Information provided:
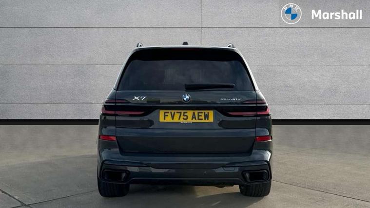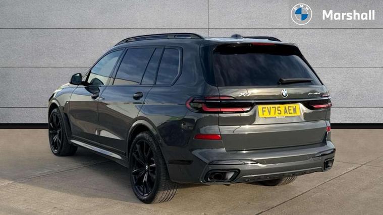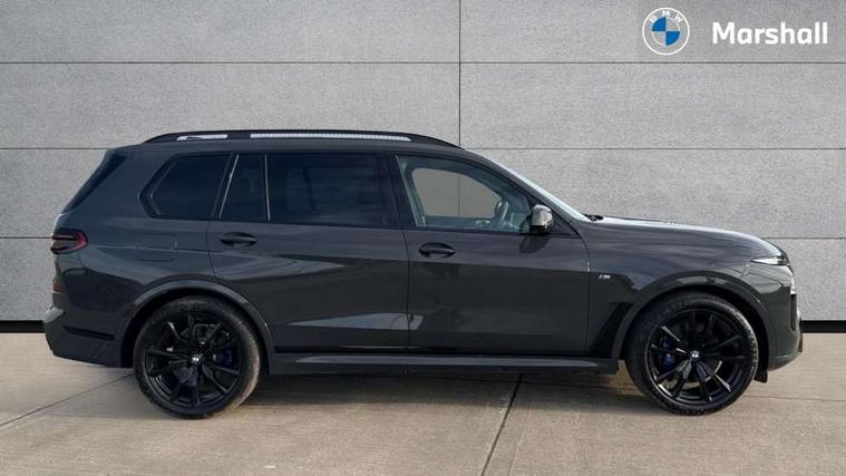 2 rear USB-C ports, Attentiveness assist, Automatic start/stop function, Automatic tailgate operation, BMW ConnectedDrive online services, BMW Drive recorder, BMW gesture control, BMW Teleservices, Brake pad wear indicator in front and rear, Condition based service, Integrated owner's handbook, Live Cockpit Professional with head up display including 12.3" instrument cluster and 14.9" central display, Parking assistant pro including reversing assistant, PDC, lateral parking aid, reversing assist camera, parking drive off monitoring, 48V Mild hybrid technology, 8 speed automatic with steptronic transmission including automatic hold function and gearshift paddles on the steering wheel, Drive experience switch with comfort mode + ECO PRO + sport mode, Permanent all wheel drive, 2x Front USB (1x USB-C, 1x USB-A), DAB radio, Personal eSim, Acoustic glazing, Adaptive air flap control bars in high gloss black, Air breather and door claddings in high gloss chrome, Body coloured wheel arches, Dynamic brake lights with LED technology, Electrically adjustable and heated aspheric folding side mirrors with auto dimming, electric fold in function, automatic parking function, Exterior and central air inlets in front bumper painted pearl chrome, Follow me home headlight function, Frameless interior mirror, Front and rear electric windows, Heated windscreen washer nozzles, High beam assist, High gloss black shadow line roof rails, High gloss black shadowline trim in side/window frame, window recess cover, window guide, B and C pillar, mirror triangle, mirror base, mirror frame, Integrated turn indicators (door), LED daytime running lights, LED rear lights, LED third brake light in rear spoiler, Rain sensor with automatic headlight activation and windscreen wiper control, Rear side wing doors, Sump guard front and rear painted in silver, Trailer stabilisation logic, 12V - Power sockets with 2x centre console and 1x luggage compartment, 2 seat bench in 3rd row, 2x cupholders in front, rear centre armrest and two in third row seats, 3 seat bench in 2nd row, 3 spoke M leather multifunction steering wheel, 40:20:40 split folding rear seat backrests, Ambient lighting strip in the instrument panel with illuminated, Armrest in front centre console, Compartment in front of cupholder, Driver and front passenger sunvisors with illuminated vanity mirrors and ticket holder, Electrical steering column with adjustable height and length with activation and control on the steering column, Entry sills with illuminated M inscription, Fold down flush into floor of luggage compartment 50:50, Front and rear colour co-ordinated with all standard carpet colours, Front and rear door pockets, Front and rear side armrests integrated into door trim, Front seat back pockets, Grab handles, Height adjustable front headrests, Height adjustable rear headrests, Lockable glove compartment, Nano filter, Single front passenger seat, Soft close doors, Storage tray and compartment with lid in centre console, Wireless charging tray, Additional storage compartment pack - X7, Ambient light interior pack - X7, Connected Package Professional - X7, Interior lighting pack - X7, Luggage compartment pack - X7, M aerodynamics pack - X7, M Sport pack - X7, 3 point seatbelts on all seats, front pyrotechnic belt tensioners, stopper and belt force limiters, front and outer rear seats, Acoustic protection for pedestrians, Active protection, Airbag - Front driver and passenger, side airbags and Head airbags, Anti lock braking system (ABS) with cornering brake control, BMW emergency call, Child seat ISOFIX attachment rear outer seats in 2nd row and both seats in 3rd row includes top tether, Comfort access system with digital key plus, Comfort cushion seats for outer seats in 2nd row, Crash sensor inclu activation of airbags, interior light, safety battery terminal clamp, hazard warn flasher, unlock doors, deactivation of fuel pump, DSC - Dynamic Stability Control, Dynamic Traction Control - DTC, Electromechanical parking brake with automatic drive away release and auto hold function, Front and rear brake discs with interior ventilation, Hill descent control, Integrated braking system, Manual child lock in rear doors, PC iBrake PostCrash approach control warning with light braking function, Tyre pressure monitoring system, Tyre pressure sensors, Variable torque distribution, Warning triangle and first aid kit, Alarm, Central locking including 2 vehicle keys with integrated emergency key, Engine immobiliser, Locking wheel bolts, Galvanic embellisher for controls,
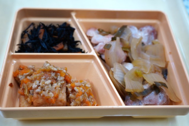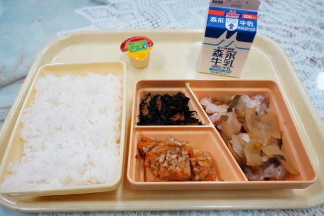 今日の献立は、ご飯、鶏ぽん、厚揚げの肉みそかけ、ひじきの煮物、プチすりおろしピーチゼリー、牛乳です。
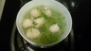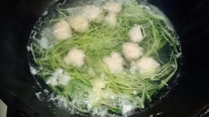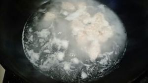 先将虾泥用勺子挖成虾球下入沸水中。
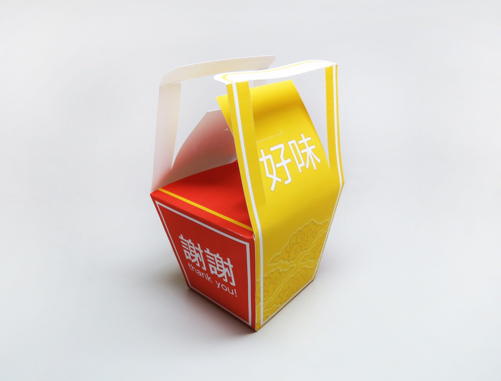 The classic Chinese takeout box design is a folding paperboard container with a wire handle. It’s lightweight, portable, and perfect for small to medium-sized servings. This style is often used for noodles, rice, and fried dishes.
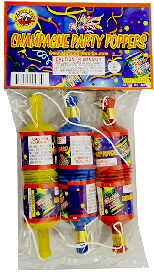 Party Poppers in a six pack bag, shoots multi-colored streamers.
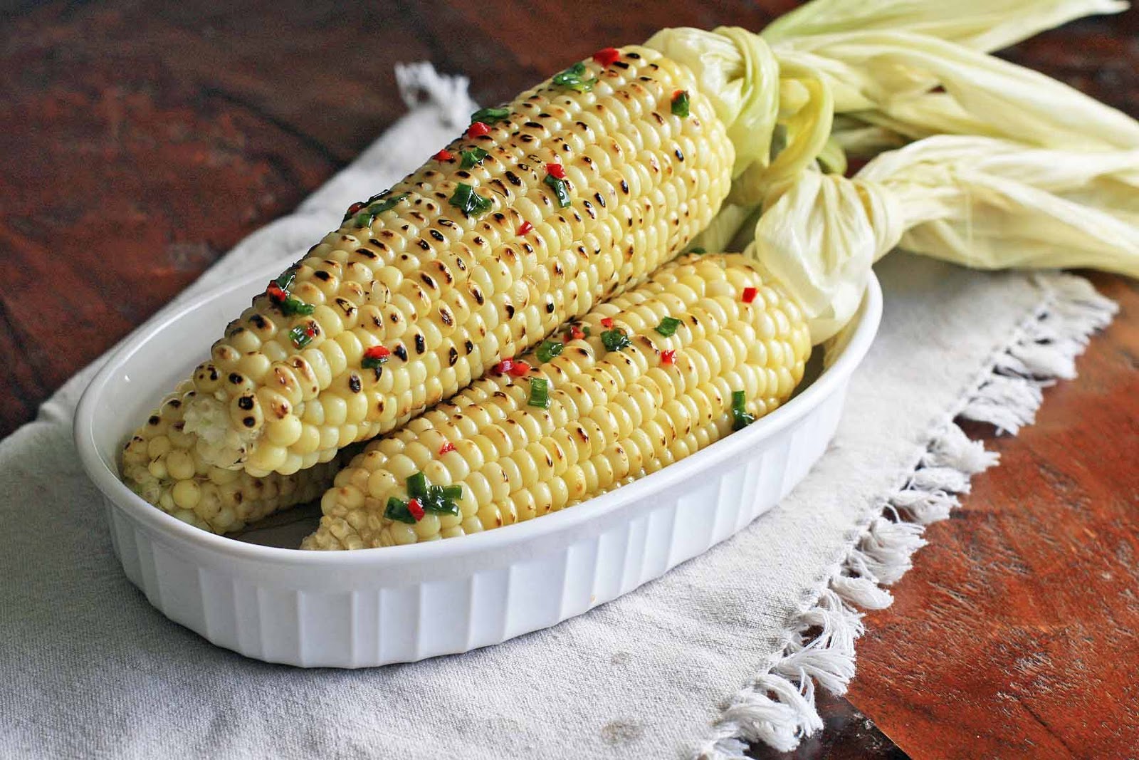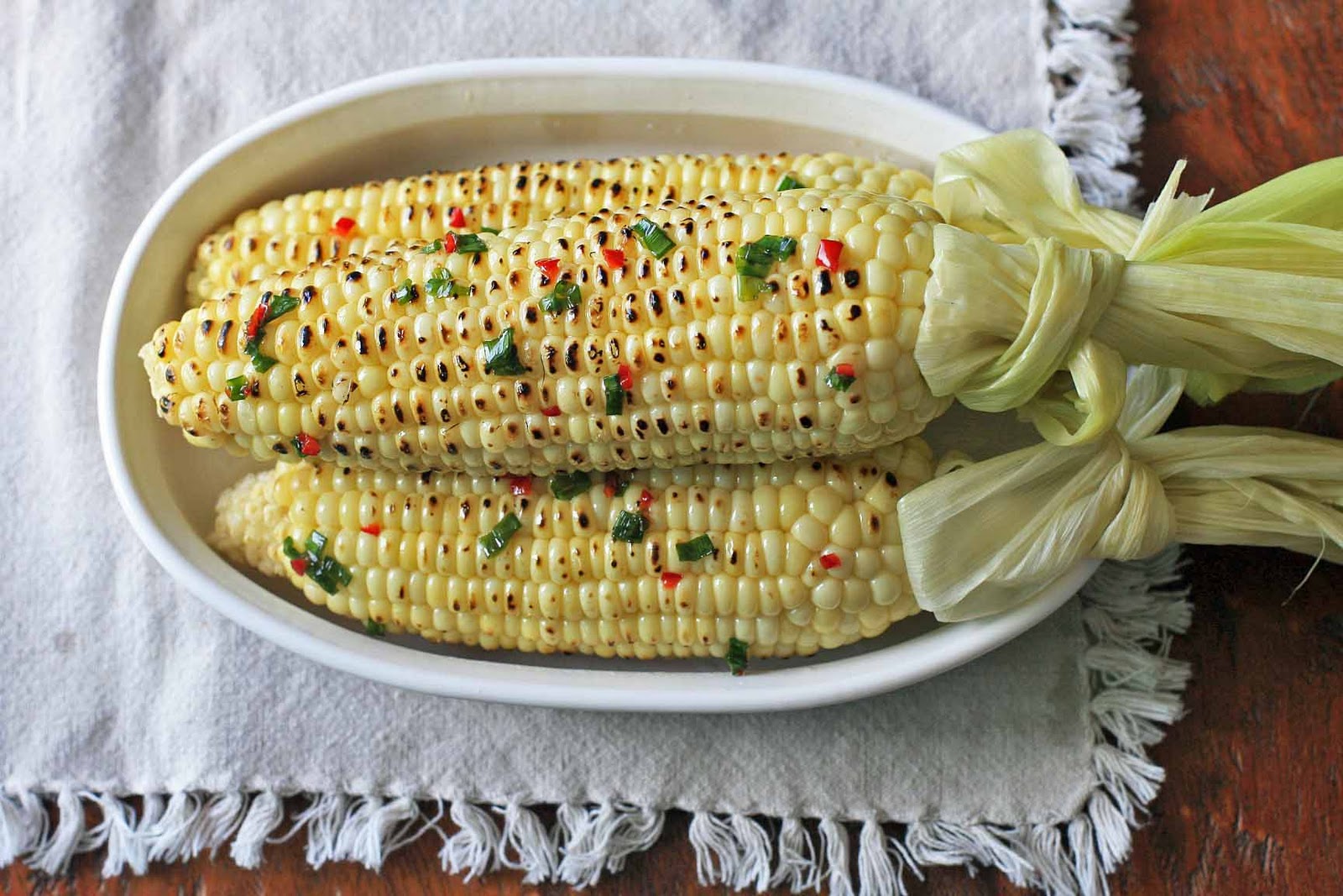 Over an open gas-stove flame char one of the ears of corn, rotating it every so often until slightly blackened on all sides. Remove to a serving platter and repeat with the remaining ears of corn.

Assignment: Would you restate word for word each line from the one that holds "今日の献立は、ご飯、鶏ぽん、" to the end of the material, both ends included, without the pictures?

Response to the task:
 今日の献立は、ご飯、鶏ぽん、厚揚げの肉みそかけ、ひじきの煮物、プチすりおろしピーチゼリー、牛乳です。
 先将虾泥用勺子挖成虾球下入沸水中。
 The classic Chinese takeout box design is a folding paperboard container with a wire handle. It’s lightweight, portable, and perfect for small to medium-sized servings. This style is often used for noodles, rice, and fried dishes.
 Party Poppers in a six pack bag, shoots multi-colored streamers.
 Over an open gas-stove flame char one of the ears of corn, rotating it every so often until slightly blackened on all sides. Remove to a serving platter and repeat with the remaining ears of corn.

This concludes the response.